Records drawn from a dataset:
•••
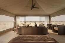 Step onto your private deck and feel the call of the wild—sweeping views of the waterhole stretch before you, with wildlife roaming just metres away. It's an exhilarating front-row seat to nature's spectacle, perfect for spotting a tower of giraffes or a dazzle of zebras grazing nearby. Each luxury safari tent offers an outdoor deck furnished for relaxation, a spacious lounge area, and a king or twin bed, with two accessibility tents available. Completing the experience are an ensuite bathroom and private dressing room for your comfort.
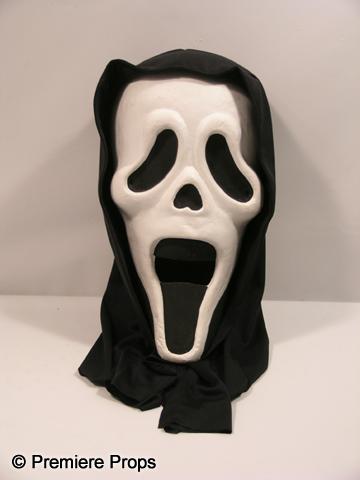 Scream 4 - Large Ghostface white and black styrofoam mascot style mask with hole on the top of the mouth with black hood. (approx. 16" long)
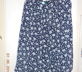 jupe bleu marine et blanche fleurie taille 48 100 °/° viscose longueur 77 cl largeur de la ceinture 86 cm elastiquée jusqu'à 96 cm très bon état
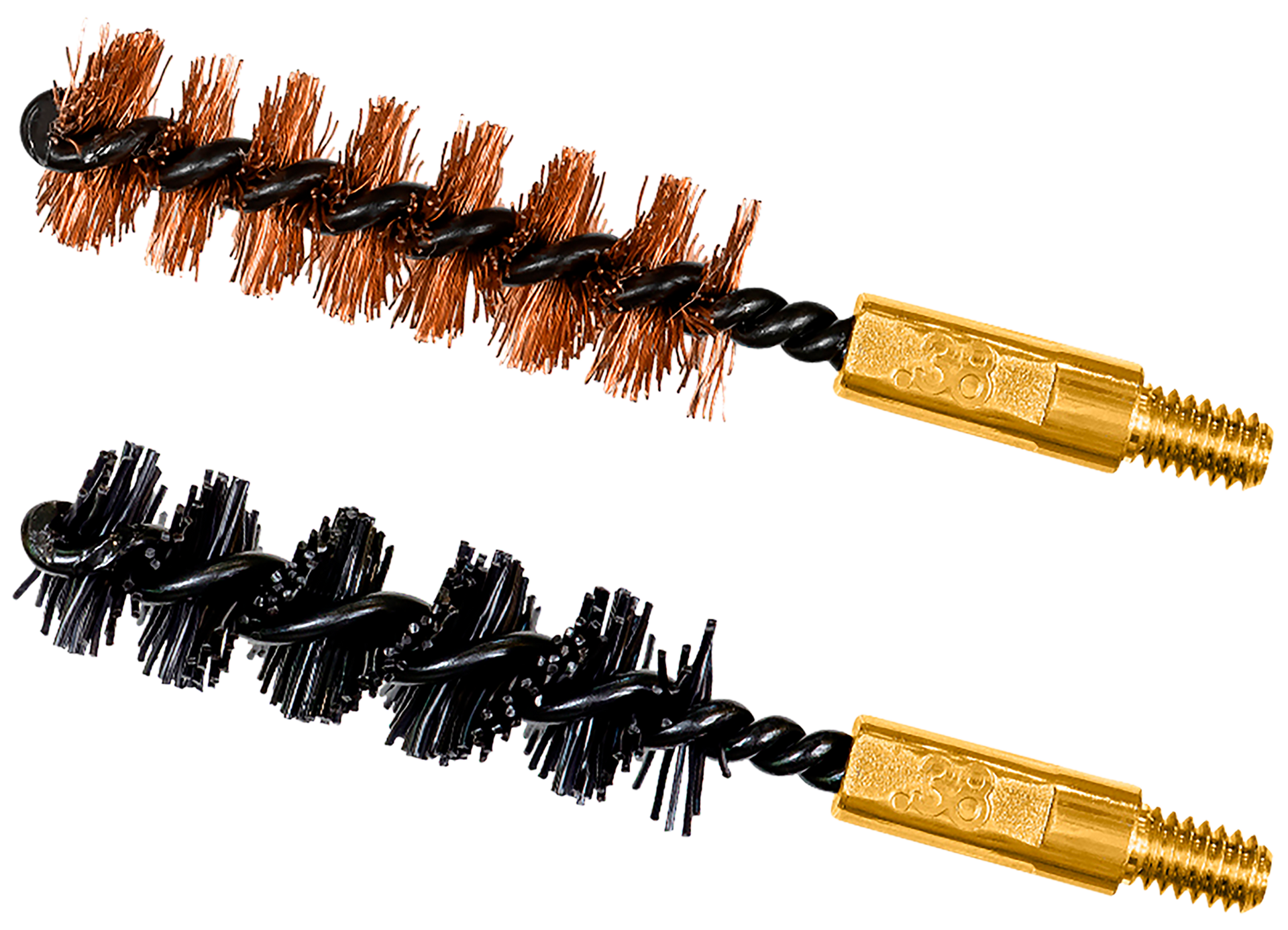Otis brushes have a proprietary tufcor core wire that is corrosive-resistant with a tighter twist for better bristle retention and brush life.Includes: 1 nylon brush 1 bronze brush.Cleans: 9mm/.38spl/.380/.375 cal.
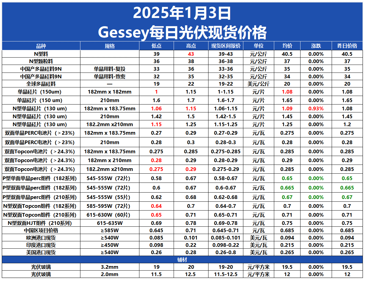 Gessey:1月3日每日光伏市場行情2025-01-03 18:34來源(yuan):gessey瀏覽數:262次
•••
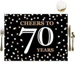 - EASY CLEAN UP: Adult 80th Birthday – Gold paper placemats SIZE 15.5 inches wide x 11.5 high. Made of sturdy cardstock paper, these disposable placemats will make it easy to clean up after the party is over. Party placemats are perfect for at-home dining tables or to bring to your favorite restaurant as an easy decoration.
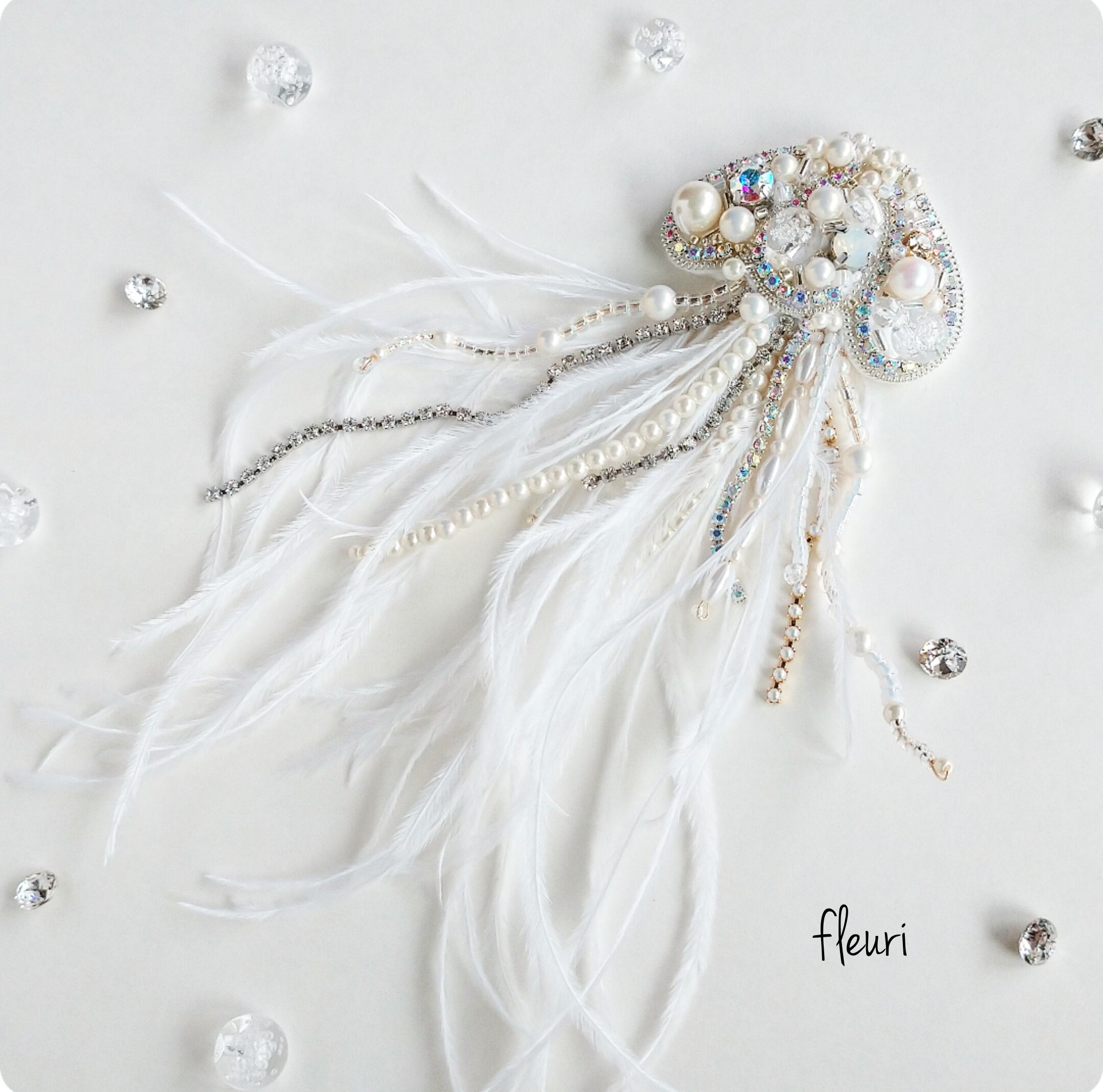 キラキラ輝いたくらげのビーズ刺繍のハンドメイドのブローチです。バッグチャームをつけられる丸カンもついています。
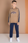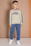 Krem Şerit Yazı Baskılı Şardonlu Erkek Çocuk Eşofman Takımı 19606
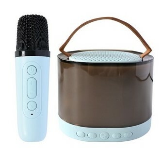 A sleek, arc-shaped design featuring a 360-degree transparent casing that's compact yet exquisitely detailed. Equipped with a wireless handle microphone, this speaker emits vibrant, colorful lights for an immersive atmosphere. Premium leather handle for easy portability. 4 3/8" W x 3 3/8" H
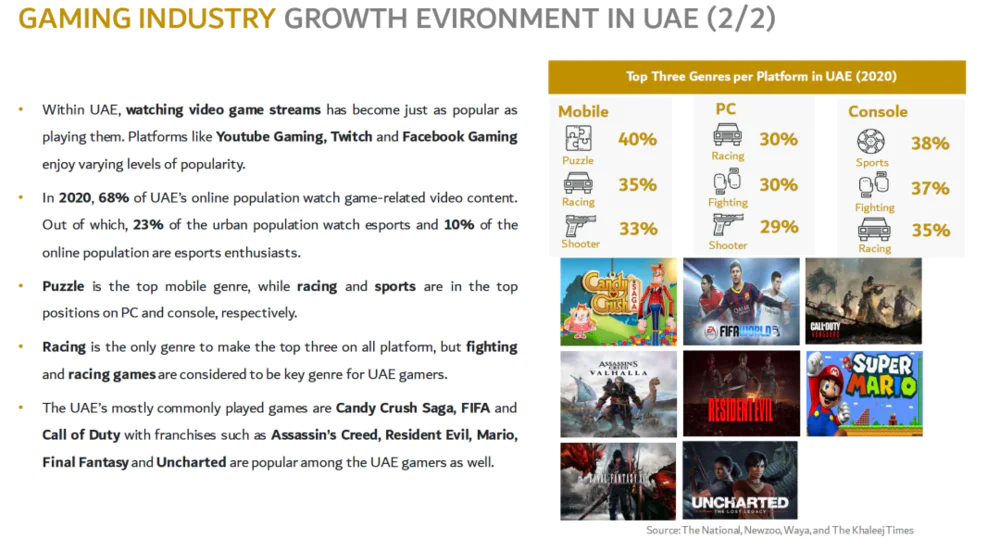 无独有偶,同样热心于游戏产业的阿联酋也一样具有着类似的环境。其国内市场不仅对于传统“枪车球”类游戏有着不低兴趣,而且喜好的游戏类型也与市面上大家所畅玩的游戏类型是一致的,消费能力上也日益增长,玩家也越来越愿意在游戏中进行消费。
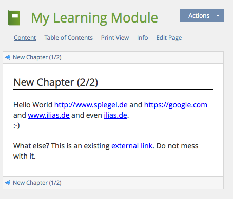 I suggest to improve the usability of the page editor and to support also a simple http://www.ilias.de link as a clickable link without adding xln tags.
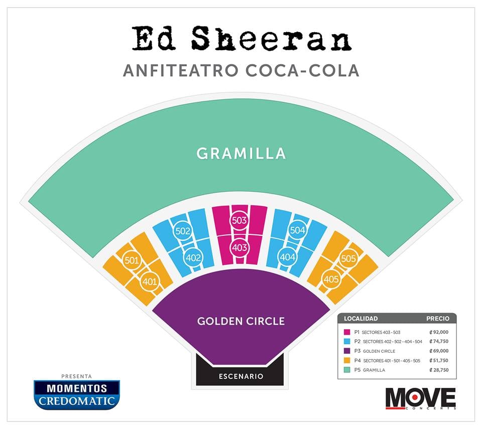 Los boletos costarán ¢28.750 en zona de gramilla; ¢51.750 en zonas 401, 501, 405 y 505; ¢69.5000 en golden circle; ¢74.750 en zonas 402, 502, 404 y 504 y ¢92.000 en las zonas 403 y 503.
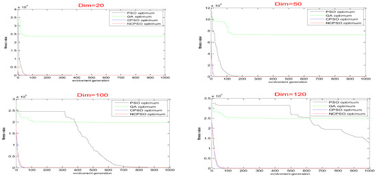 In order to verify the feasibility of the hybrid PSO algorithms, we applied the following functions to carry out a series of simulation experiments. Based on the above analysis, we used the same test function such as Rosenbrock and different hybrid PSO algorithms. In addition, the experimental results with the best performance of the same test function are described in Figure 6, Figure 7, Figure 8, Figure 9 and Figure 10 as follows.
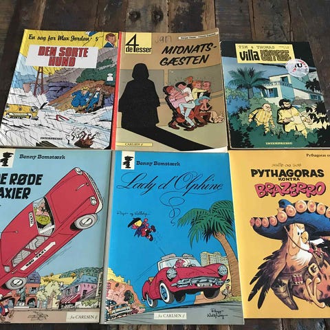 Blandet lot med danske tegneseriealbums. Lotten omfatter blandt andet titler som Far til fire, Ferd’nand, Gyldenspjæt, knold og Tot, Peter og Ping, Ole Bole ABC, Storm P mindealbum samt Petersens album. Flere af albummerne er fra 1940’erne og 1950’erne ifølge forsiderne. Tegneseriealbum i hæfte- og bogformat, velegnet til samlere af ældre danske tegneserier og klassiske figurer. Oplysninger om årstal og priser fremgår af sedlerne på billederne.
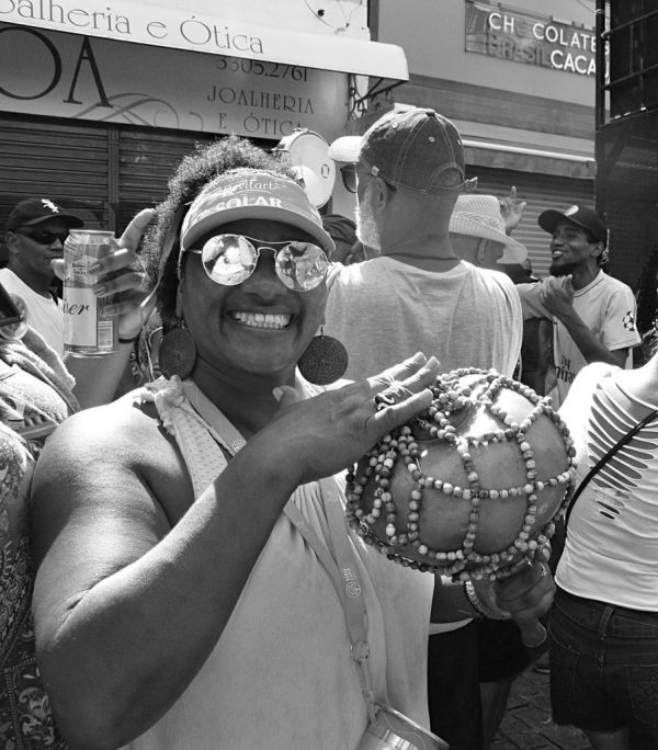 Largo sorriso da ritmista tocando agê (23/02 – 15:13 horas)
•••
For this exercise, set down the lines in the entries above from the one with "Blandet lot med" through the one with "Largo sorriso da" exactly as written, without any pictures.

 Blandet lot med danske tegneseriealbums. Lotten omfatter blandt andet titler som Far til fire, Ferd’nand, Gyldenspjæt, knold og Tot, Peter og Ping, Ole Bole ABC, Storm P mindealbum samt Petersens album. Flere af albummerne er fra 1940’erne og 1950’erne ifølge forsiderne. Tegneseriealbum i hæfte- og bogformat, velegnet til samlere af ældre danske tegneserier og klassiske figurer. Oplysninger om årstal og priser fremgår af sedlerne på billederne.
 Largo sorriso da ritmista tocando agê (23/02 – 15:13 horas)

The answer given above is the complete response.